- OECD: China will overtake U.S. as world's biggest economy by 2016
- Report says will be top economy after accounting for price differences
- China is on track for fourth consecutive decade of rapid growth
- Growth would gradually ebb as China catches up to more advanced economies
China is on track for a fourth consecutive decade of rapid growth and will overtake the US as the world's biggest economy in 2016 after accounting for price differences, according to a new report by the OECD.
Having slouched to 7.8 per cent growth last year, its slowest in more than a decade, China's economy will rebound to 8.5 per cent growth this year and 8.9 per cent next, the OECD said.
It forecast that China would average 8 per cent growth in per capita terms during the current decade, provided Beijing can implement a series of economic, financial and regulatory reforms, many of which are already in train.
"There is significant scope for further catch-up in China; China has a strong record with respect to several of the key factors for sustaining growth and is well positioned to emulate the record of earlier stellar Asian performers," the OECD said in its survey of the world's second-biggest economy.
The OECD noted that growth would gradually ebb as China catches up to more advanced economies, but its forecast is well ahead of Beijing's official target of 7 per cent average growth in the five years to the end of 2015.

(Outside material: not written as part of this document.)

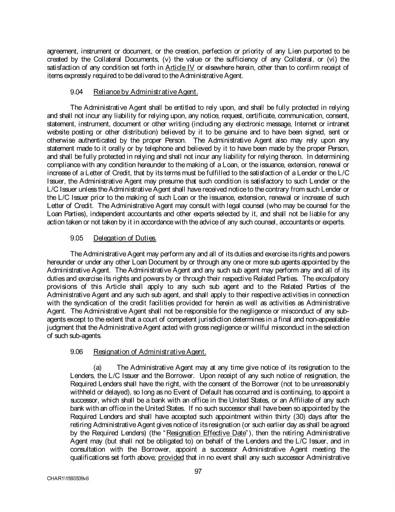 agreement, instrument or document, or the creation, perfection or priority of any Lien purported to be created by the Collateral Documents, (v) the value or the sufficiency of any Collateral, or (vi) the satisfaction of any condition set forth in Article IV or elsewhere herein, other than to confirm receipt of items expressly required to be delivered to the Administrative Agent. 9.04 Reliance by Administrative Agent. The Administrative Agent shall be entitled to rely upon, and shall be fully protected in relying and shall not incur any liability for relying upon, any notice, request, certificate, communication, consent, statement, instrument, document or other writing (including any electronic message, Internet or intranet website posting or other distribution) believed by it to be genuine and to have been signed, sent or otherwise authenticated by the proper Person. The Administrative Agent also may rely upon any statement made to it orally or by telephone and believed by it to have been made by the proper Person, and shall be fully protected in relying and shall not incur any liability for relying thereon. In determining compliance with any condition hereunder to the making of a Loan, or the issuance, extension, renewal or increase of a Letter of Credit, that by its terms must be fulfilled to the satisfaction of a Lender or the L/C Issuer, the Administrative Agent may presume that such condition is satisfactory to such Lender or the L/C Issuer unless the Administrative Agent shall have received notice to the contrary from such Lender or the L/C Issuer prior to the making of such Loan or the issuance, extension, renewal or increase of such Letter of Credit. The Administrative Agent may consult with legal counsel (who may be counsel for the Loan Parties), independent accountants and other experts selected by it, and shall not be liable for any action taken or not taken by it in accordance with the advice of any such counsel, accountants or experts. 9.05 Delegation of Duties. The Administrative Agent may perform any and all of its duties and exercise its rights and powers hereunder or under any other Loan Document by or through any one or more sub agents appointed by the Administrative Agent. The Administrative Agent and any such sub agent may perform any and all of its duties and exercise its rights and powers by or through their respective Related Parties. The exculpatory provisions of this Article shall apply to any such sub agent and to the Related Parties of the Administrative Agent and any such sub agent, and shall apply to their respective activities in connection with the syndication of the credit facilities provided for herein as well as activities as Administrative Agent. The Administrative Agent shall not be responsible for the negligence or misconduct of any sub- agents except to the extent that a court of competent jurisdiction determines in a final and non-appealable judgment that the Administrative Agent acted with gross negligence or willful misconduct in the selection of such sub-agents. 9.06 Resignation of Administrative Agent. (a) The Administrative Agent may at any time give notice of its resignation to the Lenders, the L/C Issuer and the Borrower. Upon receipt of any such notice of resignation, the Required Lenders shall have the right, with the consent of the Borrower (not to be unreasonably withheld or delayed), so long as no Event of Default has occurred and is continuing, to appoint a successor, which shall be a bank with an office in the United States, or an Affiliate of any such bank with an office in the United States. If no such successor shall have been so appointed by the Required Lenders and shall have accepted such appointment within thirty (30) days after the retiring Administrative Agent gives notice of its resignation (or such earlier day as shall be agreed by the Required Lenders) (the “Resignation Effective Date”), then the retiring Administrative Agent may (but shall not be obligated to) on behalf of the Lenders and the L/C Issuer, and in consultation with the Borrower, appoint a successor Administrative Agent meeting the qualifications set forth above; provided that in no event shall any such successor Administrative 97 CHAR1\1593539v8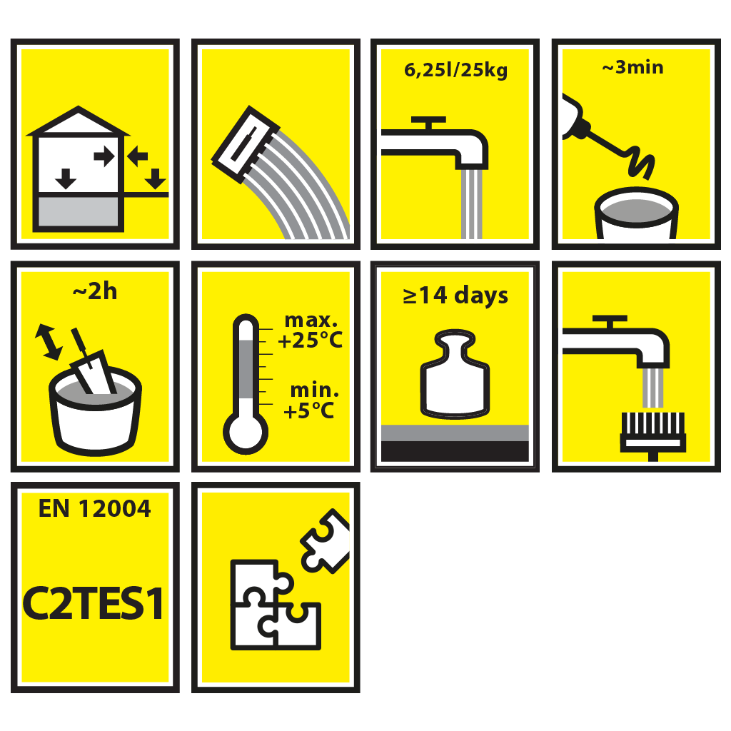 | ~ 20 min. | 1,8 kg | 2,7 kg | 3,5 kg | 4,5 kg | LVS EN 12004 | Pēc ~ 24 h | Eiroklase A1 (nedegošs) | 12 mēneši | Cements, speciālās inertās piedevas, palīgvielas un palīgmateriāli apstrādes īpašību uzlabošanai |

"This is the one country that always lowballs their growth [targets]. At the OECD we always say we're going to grow half a per cent more, one per cent more than we actually do," said Angel Gurria, head of the Paris-based club of 34 global economies.
The Chinese economy is set to become as large as that of the US by around 2016 when assessed in purchasing power parity terms, which factor in price differences between countries, it added. The 2016 forecast is line with the OECD's previous estimates.

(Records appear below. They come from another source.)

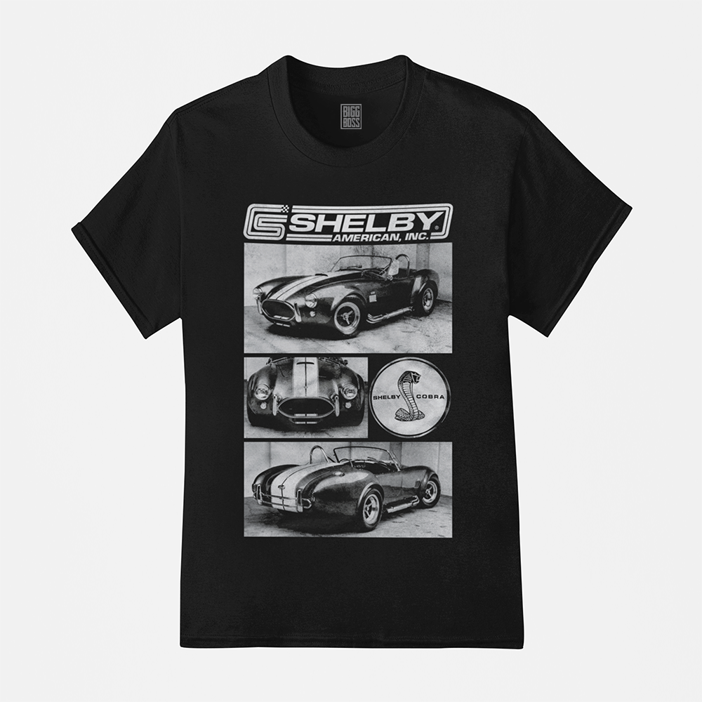 ✔ Estampa: Design vintage em preto e branco com colagens dos lendários Shelby Cobra – pura nostalgia sobre rodas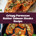 This delicious salmon steak recipe features perfectly seared and broiled salmon topped with a flavorful herb butter and parmesan cheese, creating a golden crust and tender juicy interior. It’s a quick and elegant dish ideal for seafood lovers looking for a simple yet impressive meal.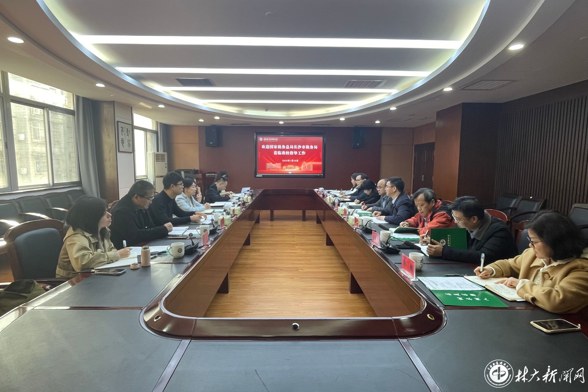 ▲国家税务总局长沙市税务局来校调研座谈会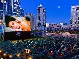 The movie begins after the sun goes down, just as the stars are coming out and the city lights are starting to twinkle. Outdoor movies have never looked so great.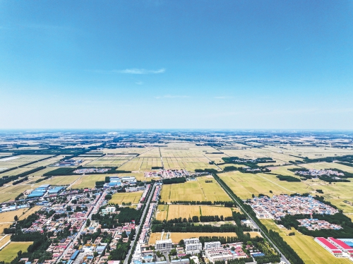 芒种时节,济南黄河两岸的麦田呈现一幅丰收的盛景,麦穗颗粒饱满,麦香四溢,预示着一个丰收的好年景来临。一片片金黄色的麦田在微风中摇曳,如同金色的海洋,麦浪滚滚,美不胜收。黄河南岸的城市建筑在麦浪中若隐若现,与金色的麦田相映成趣,构成了一幅和谐美丽的画面。在这样一个充满希望的季节里,黄河两岸的麦田成为夏季最美的风景。 (王章华 摄)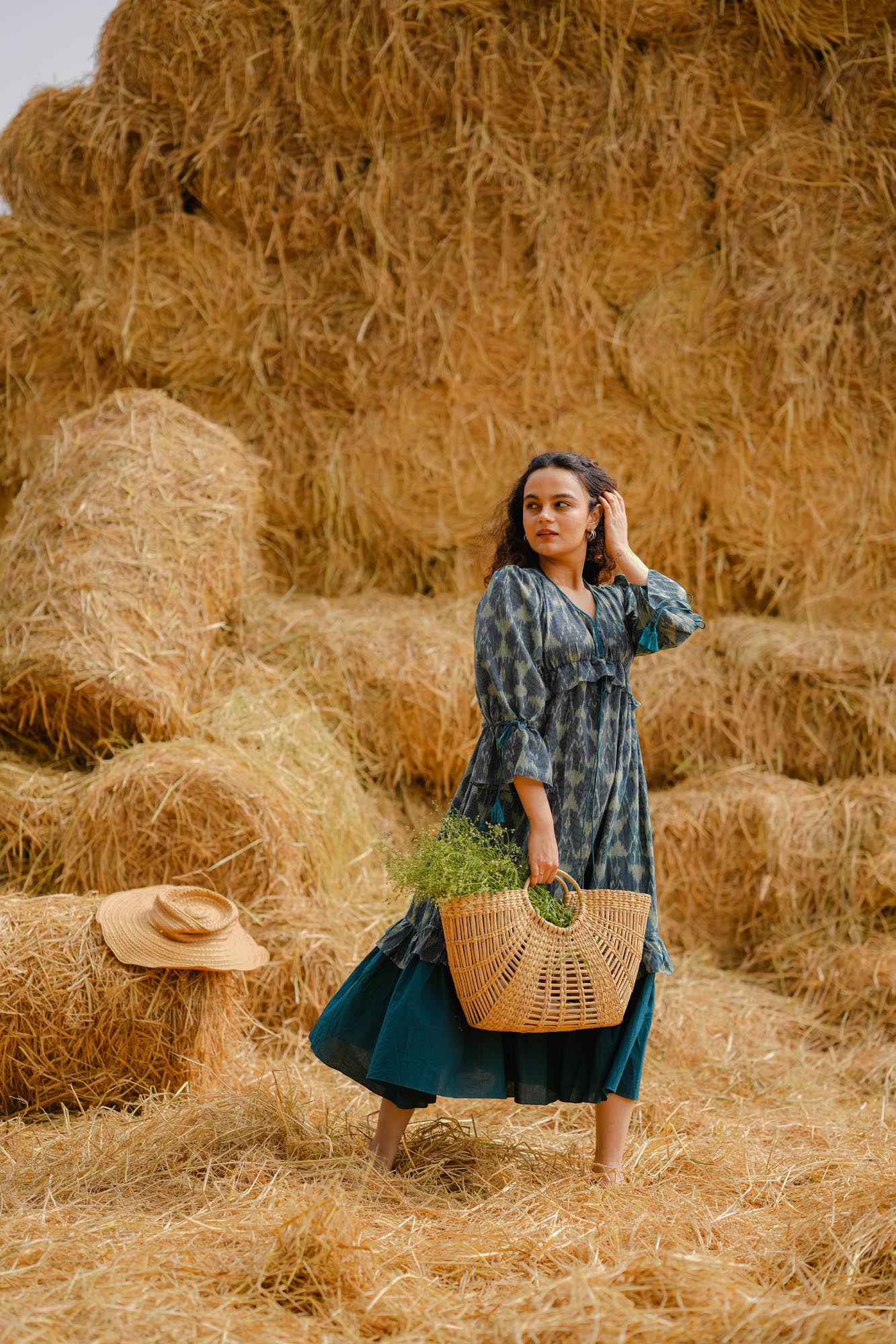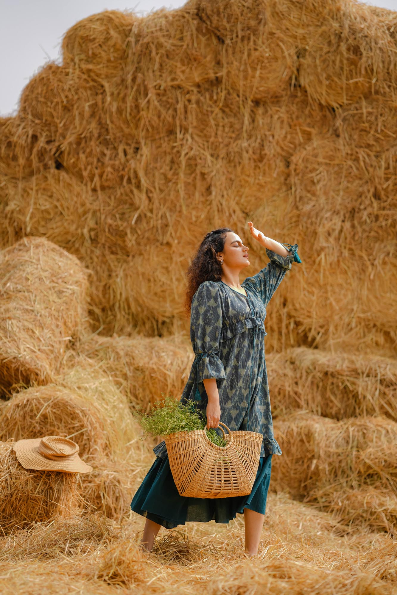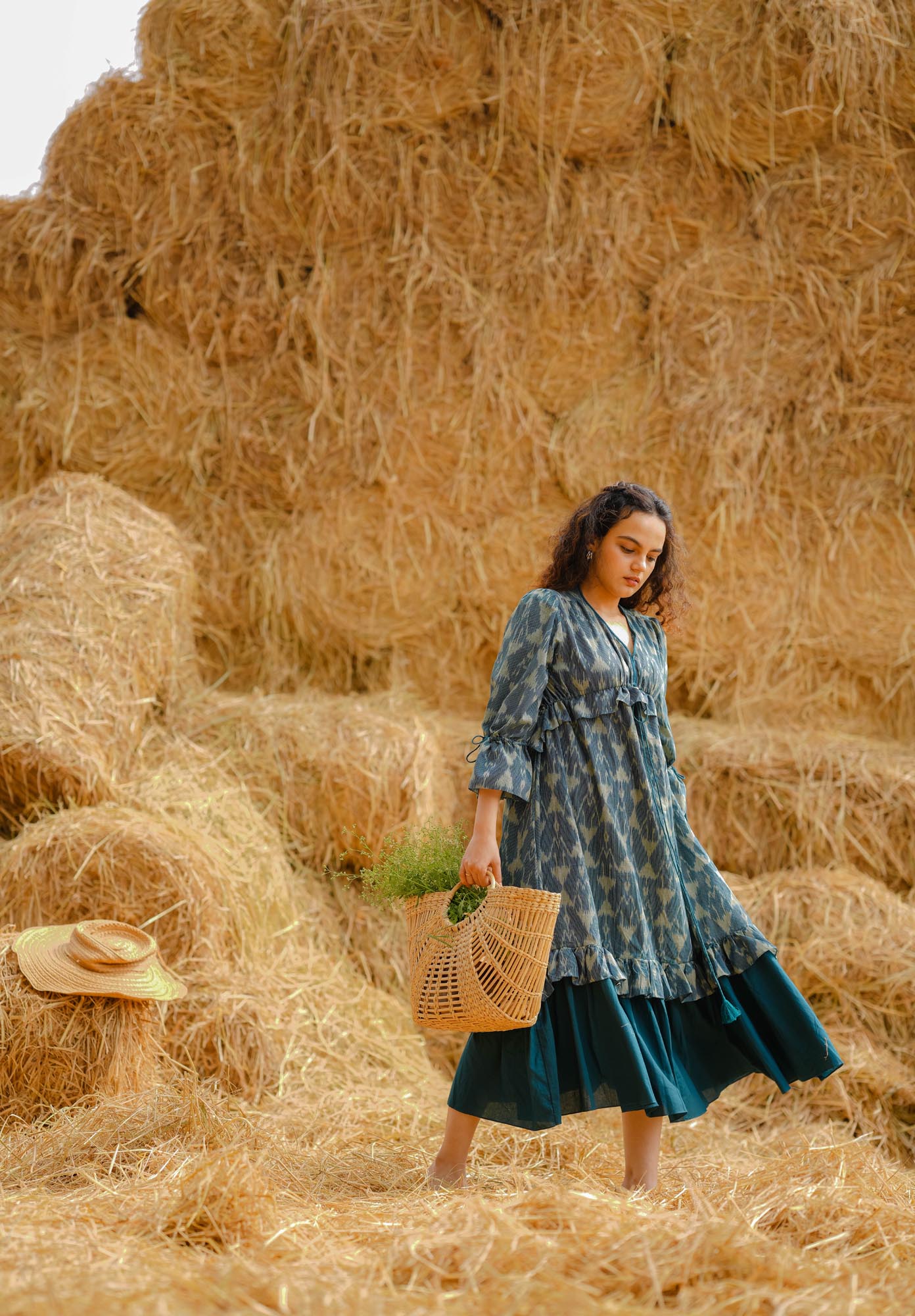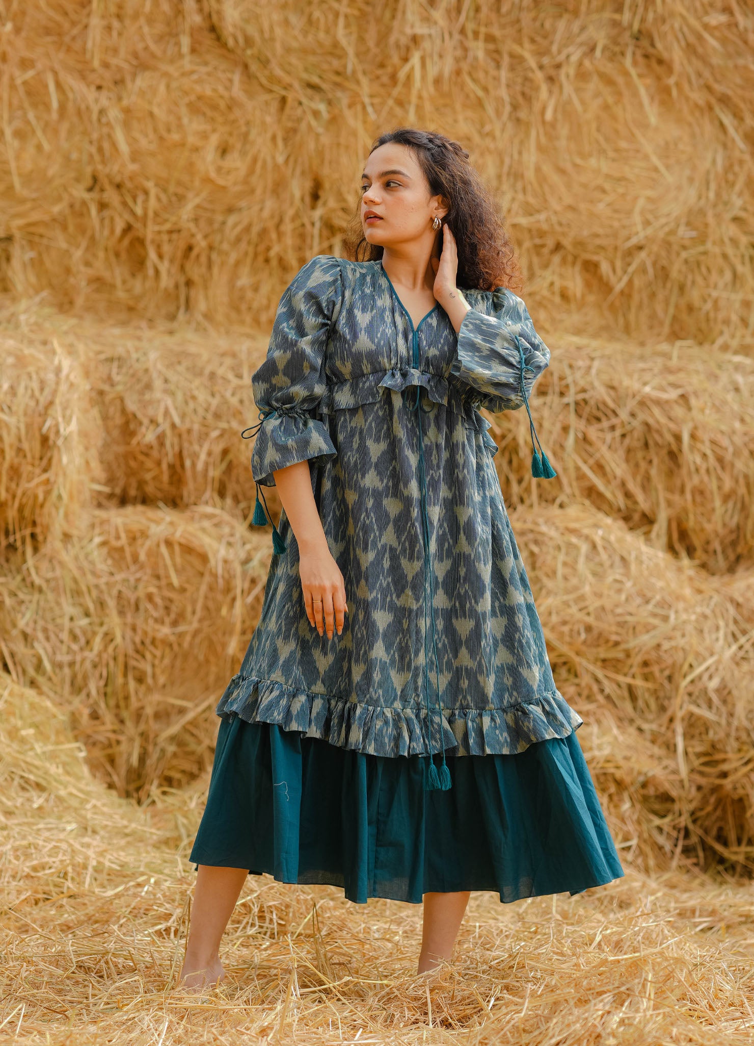 Crafted out of handloom ikat fabric this designer cotton casual dress is an easy silhouette with the right flare

The OECD highlighted multiple risks to its outlook: a weak global economy, rising inflation, a rickety financial system, inequality and an ageing population.
But it noted that China already had made strides in cutting its reliance on external demand and that domestic rebalancing was also under way, with consumption a bigger driver of growth than investment since 2011.

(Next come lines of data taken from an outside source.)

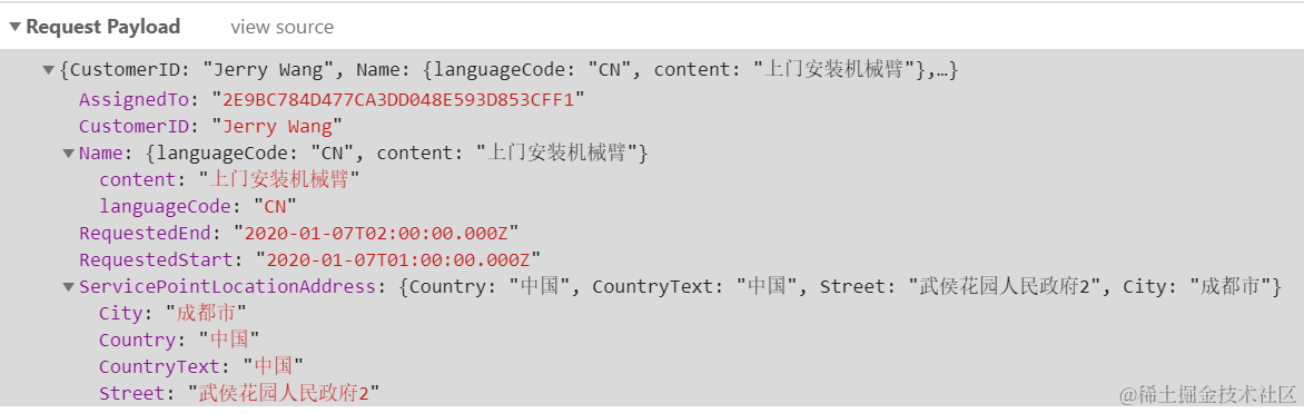 请求正文里包含了微信里填入的全部预约信息,和李小刚在FSM里的GUID. CustomerID,则是前端应用通过我的微信open ID调用微信API获取到的昵称,Jerry Wang. “上门安装机械臂”,是我们为了demo方便,硬编码的一个预约标题。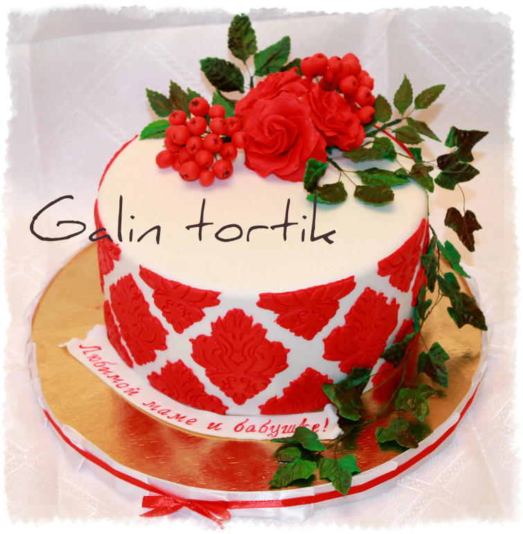 Торты для женщинМоя первая работа с молдом Дамаск и первая попытка сделать цветочную композицию...Внутри МД + карамельный крем + грецкий и лесной орех. Вес 2,8кг.
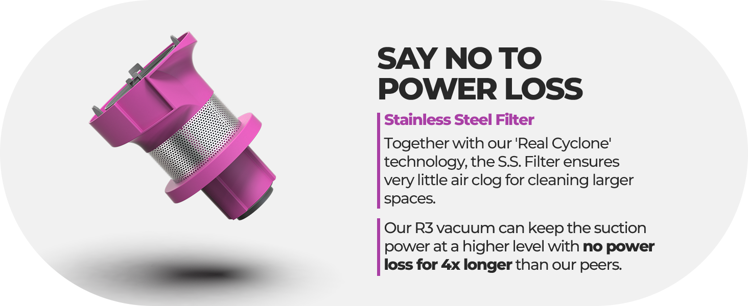 - ✅Fadeless Suction Power - our R3 cordless stick vacuum cleaner has an advanced airflow design and is tested to mait high suction power for 40% longer.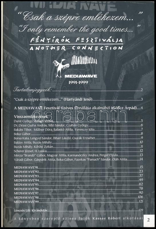 Leírás: "Csak a szépre emlékezem..." Fényírók fesztiválja. Miadiawave 1991-1999. Győr, 2000, Madiaweve Alapítvány. Kiadói papírkötés, kopottas állapotban.

Among a broad range of recommended reforms, the OECD drew particular attention to China's urbanisation push, saying the government needed to focus on building larger, more productive cities.
Although Chinese cities have expanded quickly, the country's urbanisation rate of 52.6 per cent is still below that of countries at similar levels of development. Transportation problems have also become severe. Average daily commuting times in Beijing -- which boasts one of the country's larger subway networks -- are 79 minutes, roughly double the OECD average.
Li Keqiang, China's new premier, has vowed to make urbanisation a centrepiece of his agenda. Along with more investment in infrastructure, the OECD said Beijing should give migrants to cities better access to schooling and that fiscal reforms were needed to ensure lower levels of government can fund more social services.
More controversially, the OECD also called for an overhaul of the Chinese land system. Farmers lack the right to sell their land, and the supply of land for residential development near urban areas is tightly controlled.
"Continued urbanisation is hampered by the rigid central planning rules governing the conversion of designated cropland into construction land, which partly reflect misguided concerns about food security," it said.